[EXERCISE INPUT — start]
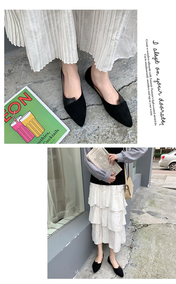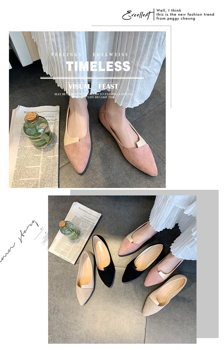 2024 봄 새로운 여성 신발 패션 컬러 매칭 저녁 신발 얕은 입 착용 뾰족한 평면 작은 신발 여성 도매
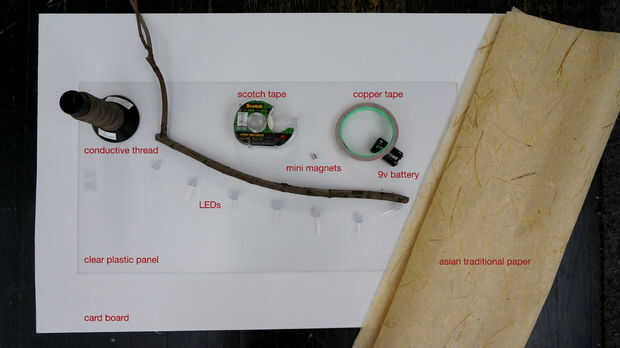 Materiales necesarios: Un tablero de tarjeta, un panel de plástico transparente, papel tradicional asiático, una rama, 6LEDs, cinta de cobre, batería de 9v, imanes, cinta Scotch, hilo conductor.
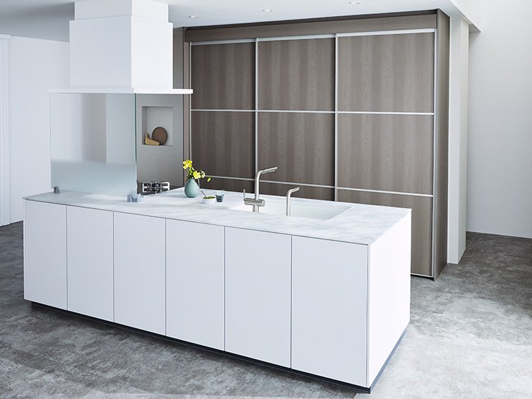 ペニンシュラ型でカラーバリエーションに幅のあるベルフラワーがあり、大容量の収納スペースが魅力のスタイルです。
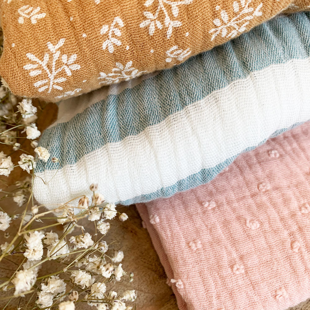 Actualmente tenemos disponibilidad de tela en muselina leaves mostaza, rayas anchas verdes, rosa palo plumeti.
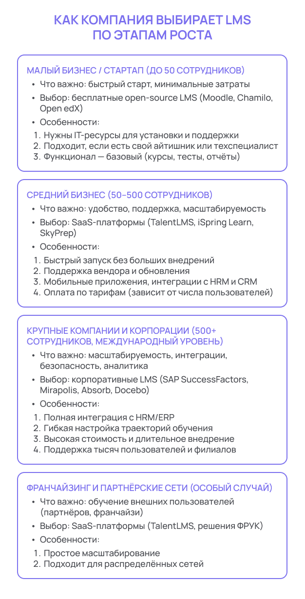 Выбор LMS зависит от размера бизнеса, бюджета и целей.
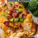 Once baked, let the chicken rest for a few minutes to lock in the juices. Then, sprinkle the remaining 2 tablespoons of sliced green onions and 2 tablespoons of slivered almonds over the top for a fresh, crunchy finish. Serve hot with your favorite sides, and enjoy every creamy, crispy, cheesy bite of this Crispy Bacon Cheesy Chicken Bake Recipe!
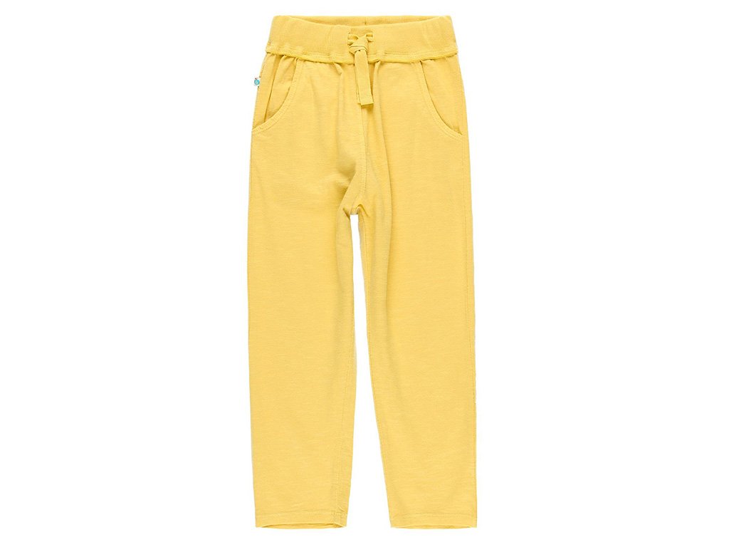 - Volnější dívčí tepláky s kapsami ze 100% bio bavlny žluté barvy (sluníčko/ grapefruit).
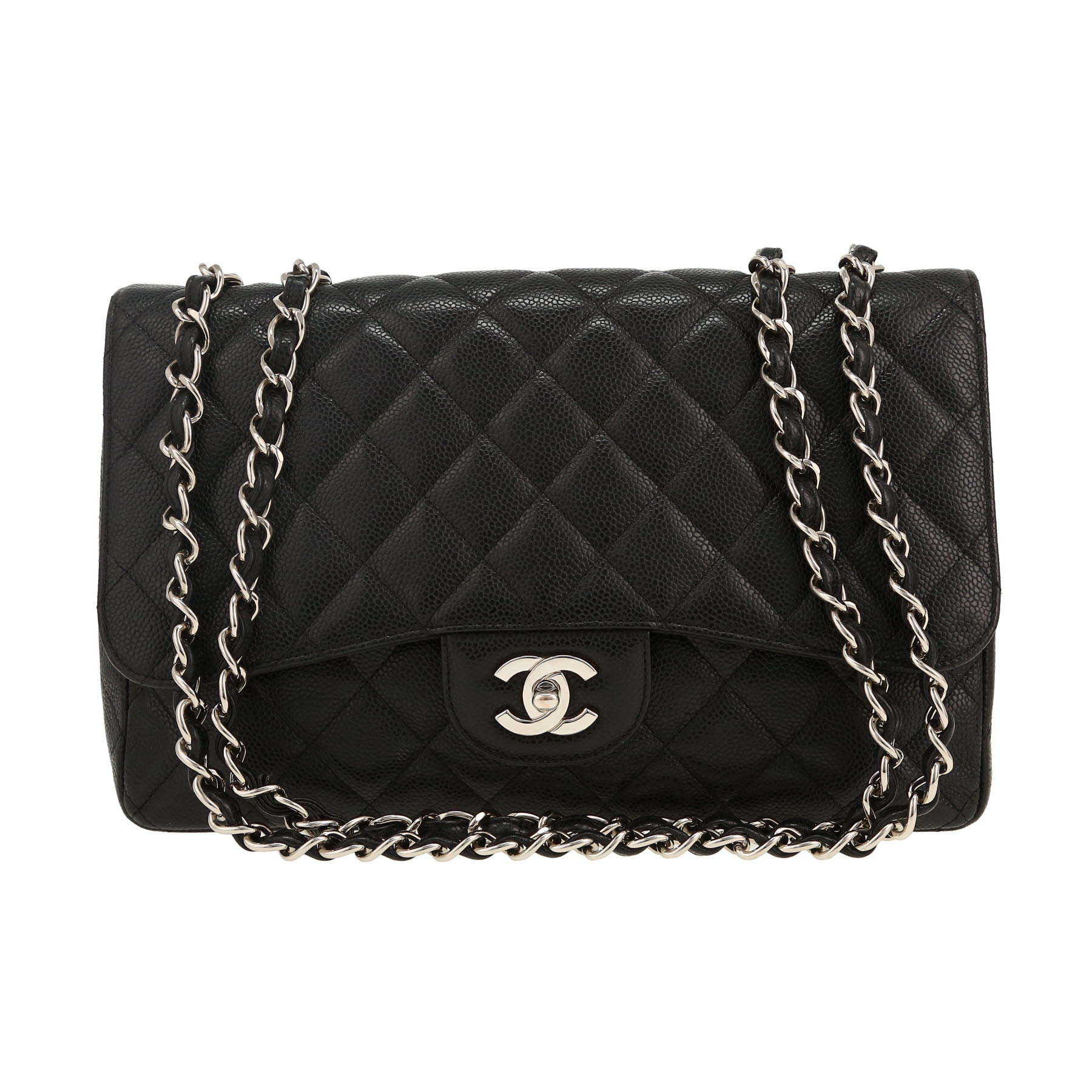 Each bag sold on Collector Square is expertly appraised and chosen for its excellent condition. Dispatched within 24 hours. CURRENT SALES The fashion week edit Chain jewellery Quiet tones Rolex o'clock Winter interior See all sales BAGS All bags Hermès Chanel Louis Vuitton Dior Saint Laurent Celine Gucci Fendi Bottega Veneta Loewe See all brands WATCHES All watches Rolex Cartier Patek Philippe Chanel Audemars Piguet Jaeger-LeCoultre Omega Hermès Piaget Breitling See all brands JEWELLERY All jewellery Cartier Van Cleef & Arpels Bulgari Pomellato Fred Boucheron Tiffany & Co Chanel Hermès Dior Chaumet See all brands ART & COLLECTABLES All Collectibles Fine Art Objects Works on paper Collectables SELL AN ITEM EXPERTS & SERVICES Our Experts Watch Service Center Leather Goods Service Center Jewellery Service Center LIVE SHOPPING LOG IN Customer service Showroom CURRENT SALES BAGS BRANDS Hermès Chanel Louis Vuitton Dior Saint Laurent Celine Gucci Fendi Bottega Veneta Loewe ALL BRANDS ICONIC MODELS Hermès Birkin Hermès Kelly Hermès Constance Chanel Timeless Chanel 2.55 Louis Vuitton Keepall Louis Vuitton Editions Limitées Dior Lady Dior Dior Saddle Goyard Saint-Louis Fendi Baguette QUICK SEARCH Bags for men Bags for women Handbags Shoulder bags Travel bags Trunks Shopping bags Backpacks Clutches Leather Goods Service Center FIND OUT Watch Service Center FIND OUT Jewellery Service Center FIND OUT Home / Bags / Chanel / Timeless / Chanel Timeless Jumbo shoulder bag in black quilted grained leather CHANEL 6,980 € Retail price recorded on the basis of similar items in 2026 Retail Price: 11,100 € Condition : Very good condition Collection : Timeless Model : Timeless Jumbo Gender : Ladies Year : 2010 Color : Black Material : Leather Length : 30 cm Height : 21 cm Width : 8,5 cm Category : Shoulder bag Shoulder strap : 32 – 57 cm Comment from our specialist: Splendid Chanel Timeless Jumbo shoulder bag in black quilted grained leather, hardware in silver metal, one chain strap in silver metal interwoven with black leather allowing the bag to be worn in the hand or on the shoulder or accross the body. Year : 2010. Very good condition : nice model, patina on the corners and inside of the bag. Receive report about the value of Timeless bags Available at the Paris showroom Make an appointment All items come with a certificate of authenticity. Each item is appraised before being listed and reviewed by our committee of recognized experts and specialists. Learn more about our experts All items are stocked by Collector Square and shipped within 24 hours. Secure delivery is handled by professional carriers (UPS or DHL) between 9 a.m. – Rest of the world: €90, within 6 to 8 business days. These rates may vary for items over €10,000. 14-days return policy Y
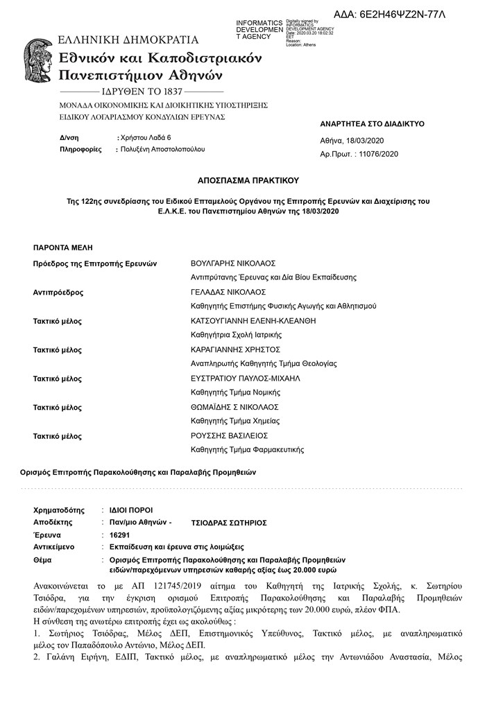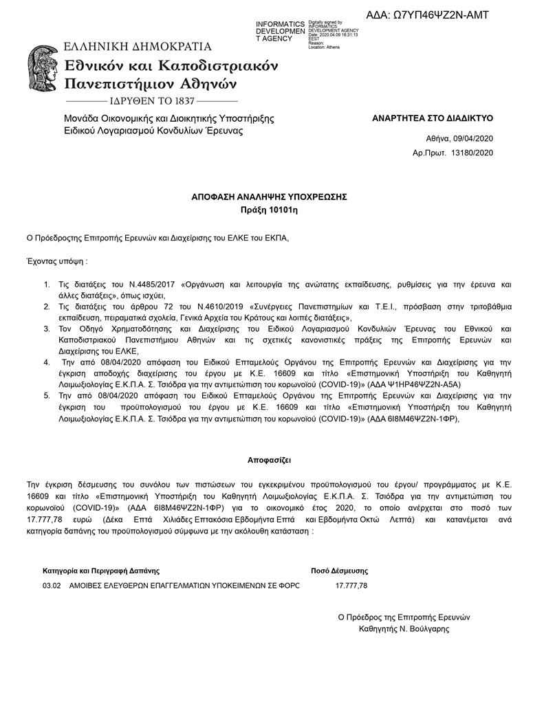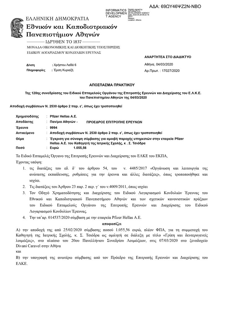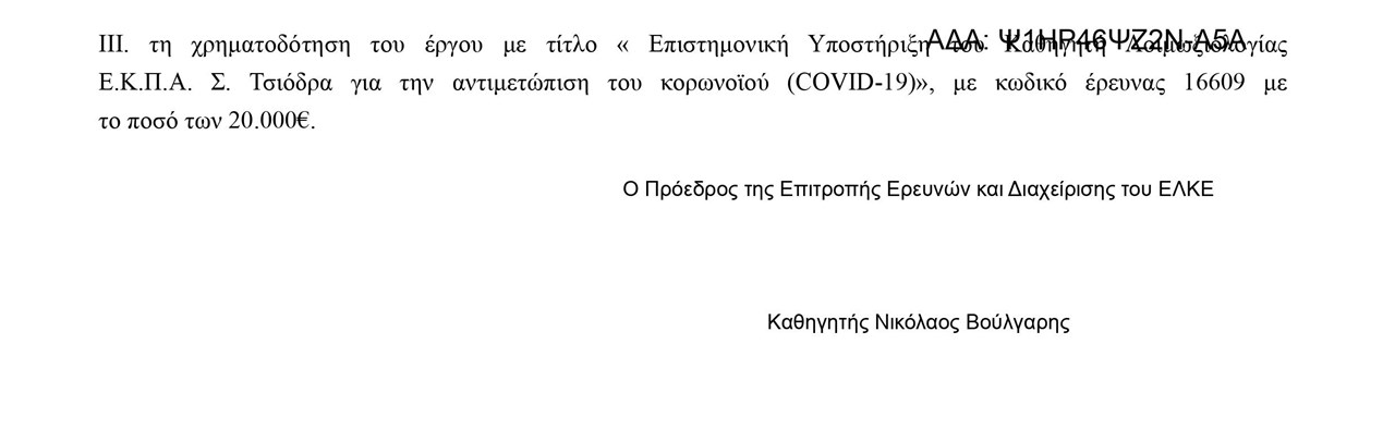 Μετά από μία σύντομη έρευνα στη Διαύγεια και με κάθε επιφύλαξη για πρωθύστερες ή άλλες αμοιβές για επιστημονικά προγράμματα, τα μέλη της επιτροπής του Υπουργείου Υγείας καθηγητές κ. Τσιόδρας και κ. Μαγιορκίνης έχουν λάβει ή διαχειρίζονται από το Δημόσιο ή από εταιρείες σπόνσορες τα κάτωθι ποσά.
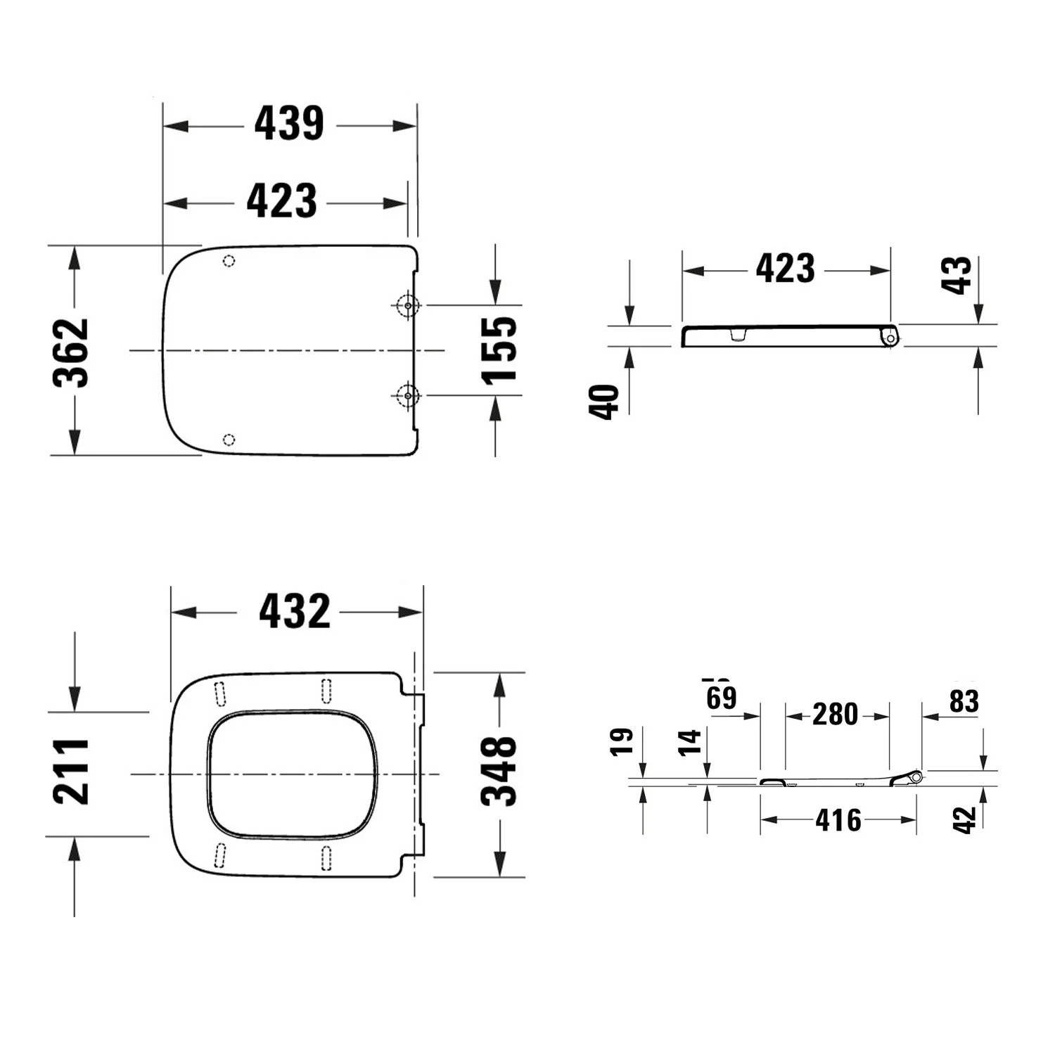Duravit Universal WC-Sitz eckig mit Absenkautomatik
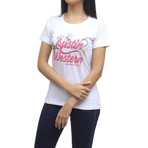 Camiseta Feminina na qualidade Austin Western, fabricada em tecido 100% Algodão na cor Branco, possui mangas curtas, gola tradicional, estampa com pedrinhas strass na parte frontal. Sendo um peça perfeita para seu dia a dia, podendo ser usada em diversas situações!
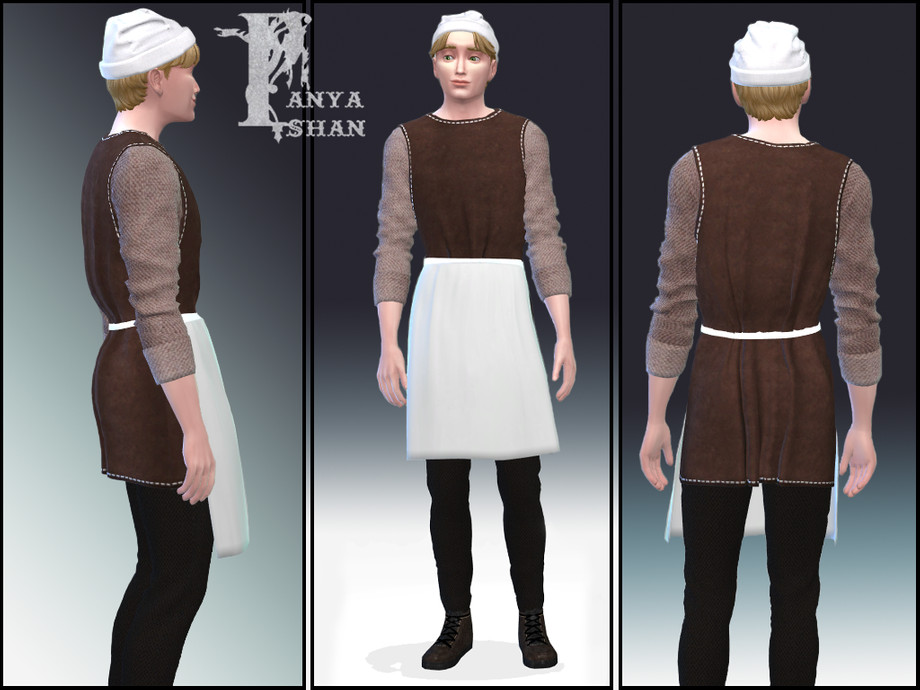 This set replaces the standard male uniform of the maid. You can find recolor of standard shoes in the female version of the maid uniform
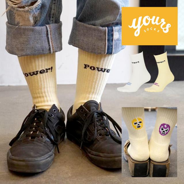 WOW!大きめの文字が目を引くデザイン。yours SOCKS(ユアーズソックス)のメンズクルーソックス。
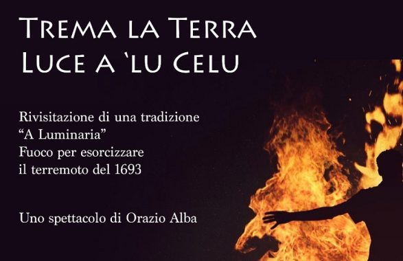 S’intitola “Trema la terra, luce a lu celu” lo spettacolo di Orazio Alba che, col patrocinio del Comune di Caltagirone, sarà proposto sabato 12 marzo, alle 19, nella Vecchia Pescheria di Caltagirone, con ingresso gratuito. Si tratta della rivisitazione di una tradizione, “A Luminaria”, con l’uso del fuoco per esorcizzare il terremoto del 1693.
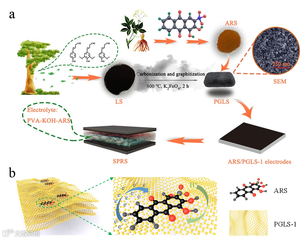 该文章报道一种由木质素磺酸钠衍生的分级多孔石墨碳(PGLS)和有机氧化还原化合物(茜素)组成的混合体系电极。其中茜素衍生物“茜素红磺酸盐”(ARS)可提高该混合体系的储能能力,而使用K2FeO4对木质素磺酸钠实现同步碳化和石墨化制备的多孔石墨化炭材料(PGLS-1),可提供用于大量电荷传输和ARS自组织的连续3D石墨化多孔碳骨架,同时也改善了传统赝电容体系的循环稳定性。
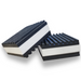 The anti-vibration pads are structured with a high/low ribbed surface layers, and a three phase "sandwich" construction to allow absorption of heavy vibration, and support significant weights - each 150mm pad can handle up to 150kg of load.
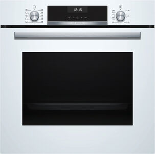 Электрический духовой шкаф Bosch HBG517EW0R из премиальной серии Serie | 6 – это идеальное сочетание вместительности, интеллектуальных технологий и элегантного белого дизайна. Модель объёмом 71 литр оснащена 10 автоматическими программами AutoPilot, паровой очисткой, телескопическими направляющими и доводчиком дверцы.
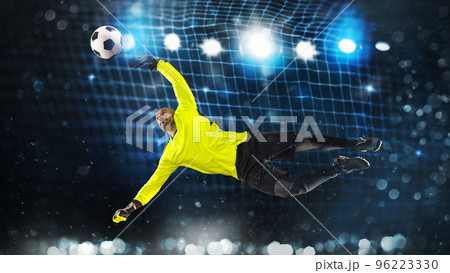 Soccer goalkeeper, in fluorescent uniform, that makes a great save and avoids a goal on a dark blue background
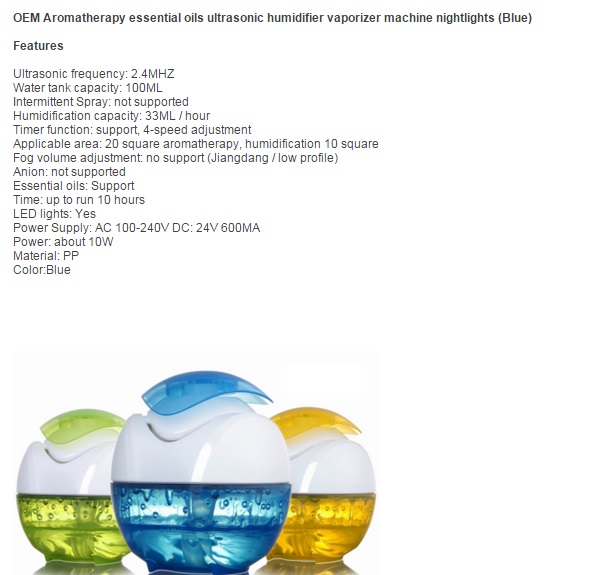 รุ่น : Aromatherapy essential oils ultrasonic humidifier vaporizer machine nightlights (Blue)
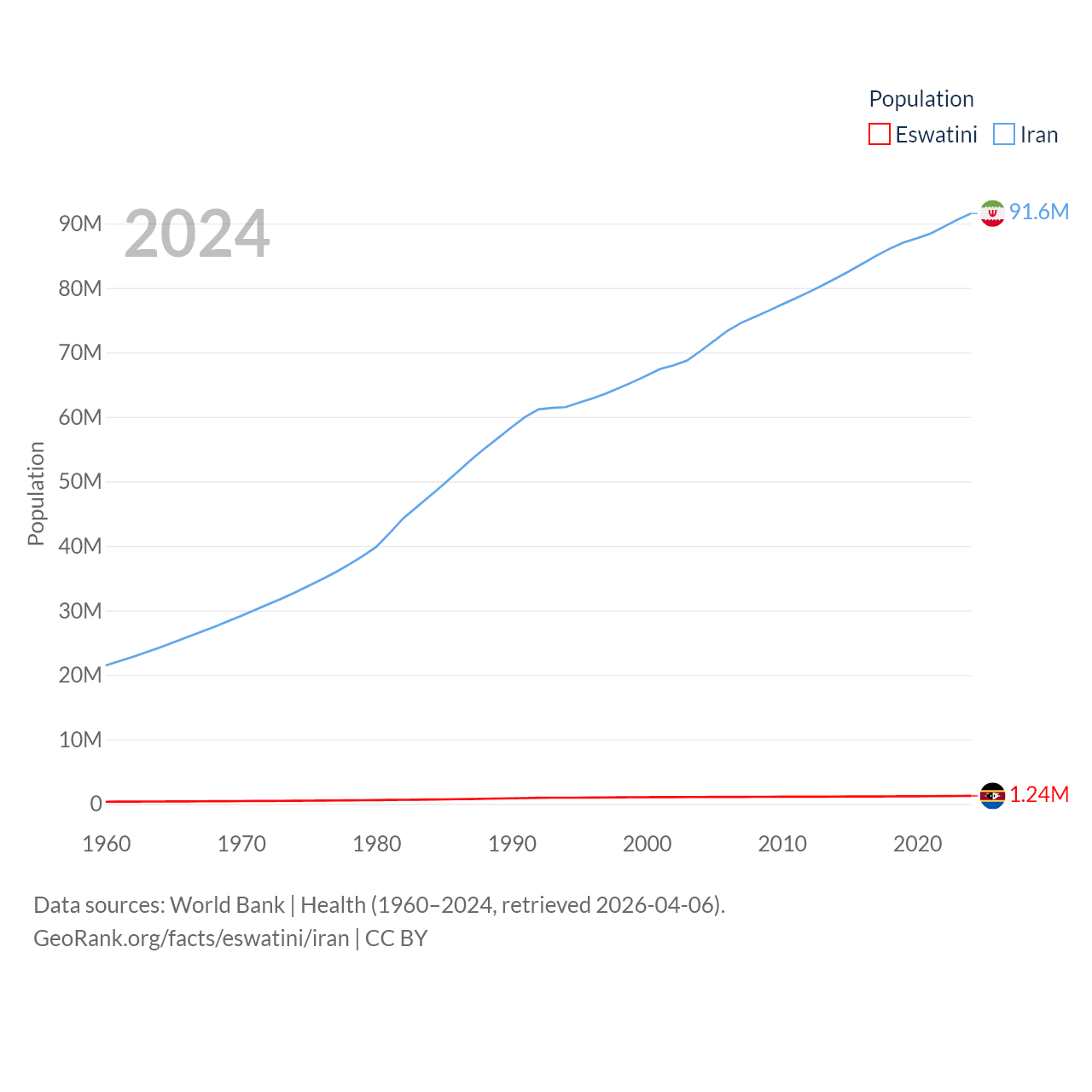 Eswatini has a population of 1.24M (ranked 157/197), compared with 91.6M in Iran (ranked 17/197). Eswatini's land area is 6,641 sq mi versus 626,451 sq mi for Iran (ranked 154th vs. 17th).
[EXERCISE INPUT — finish]
PROBLEM TO WORK ON: Up to and including the line containing "Выбор LMS зависит", quote each line of the entries above from the very first, please, exactly and without images.

YOUR RESPONSE:
 2024 봄 새로운 여성 신발 패션 컬러 매칭 저녁 신발 얕은 입 착용 뾰족한 평면 작은 신발 여성 도매
 Materiales necesarios: Un tablero de tarjeta, un panel de plástico transparente, papel tradicional asiático, una rama, 6LEDs, cinta de cobre, batería de 9v, imanes, cinta Scotch, hilo conductor.
 ペニンシュラ型でカラーバリエーションに幅のあるベルフラワーがあり、大容量の収納スペースが魅力のスタイルです。
 Actualmente tenemos disponibilidad de tela en muselina leaves mostaza, rayas anchas verdes, rosa palo plumeti.
 Выбор LMS зависит от размера бизнеса, бюджета и целей.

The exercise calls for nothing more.